Israeli politician and journalist

Nino Abesadze (נינו אבסדזה, ნინო აბესაძე; born 12 April 1965) is an Israeli politician and journalist who served as a member of the Knesset for Kadima between 2009 and 2013.

==Biography==
Born in Tbilisi in the Soviet Union (today in Georgia) to a Georgian Christian father and Russian-Jewish mother, Abesadze graduated from the Film School at the Open University of Georgia, before studying for degrees in Russian literature and linguistics at Tbilisi State University. At the age of 23 she began working for Georgian State Television, becoming the presenter of the evening news two years later.

Her mother and three sisters had immigrated to Israel after her father died in 1980, settling in Rehovot, and later Ashdod. Abesadze remained in Georgia, and in the 1990s began a relationship with Baruch Ben-Neria, the Israeli ambassador to Georgia and Armenia from 1993 until 1996. She moved to Israel in 1996 and worked on Russian language programmes for Channel 33, before joining a Russian language newspaper.

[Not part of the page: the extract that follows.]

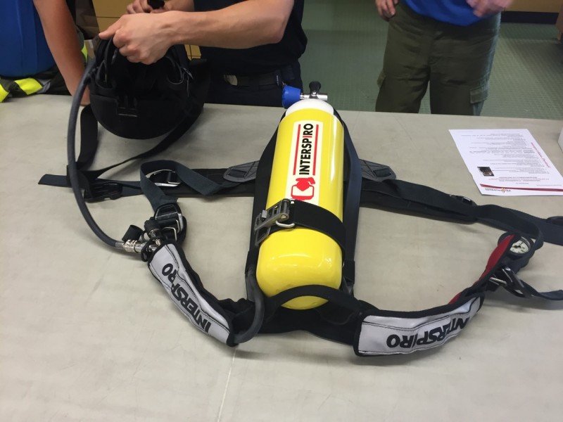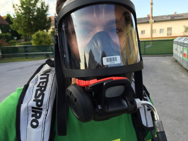 Zu Beginn des Jahres waren verschiedene Gerätehersteller bei uns zu Gast, um ihre Geräte zu präsentieren. Die Entscheidung fiel auf ein „Ein-Flaschen-System“ der Firma Interspiro, das mit 300 bar Flaschendruck arbeitet. Ein Merkmal der Ausrüstung ist ein sogenanntes Überdrucksystem, das verhindert, dass Rauchgase in die Atemmaske eindringen können. Zusätzlich sind die Atemmasken mit einem drahtlosen Maskenfunksystem ausgestattet. Durch dieses System ist es möglich, sich im Trupp zu verständigen, da in jeder Maske ein eigenes Funkgerät eingebaut ist. Das ist insofern hilfreich, da jedes Mitglied des Atemschutztrupps die Funkgespräche mitverfolgen und im Notfall selbst einen Funkspruch abgeben kann.

A member of Kadima, she was on the party's list for the 2009 Knesset elections, but was not high enough on the list to win a seat. However, she entered the Knesset on 9 November 2010 as a replacement for Tzachi Hanegbi, who had been convicted of a crime (perjury) deemed to be of moral turpitude, thereby losing his seat.

Shortly before the 2013 elections Abesadze left Kadima to join the Labor Party. She was placed 19th on the Labor Party list, but lost her seat when the party won only 15 seats.

She lives in Kokhav Ya'ir with her boyfriend and their two children. She is a tour guide specialising in trips to Georgia.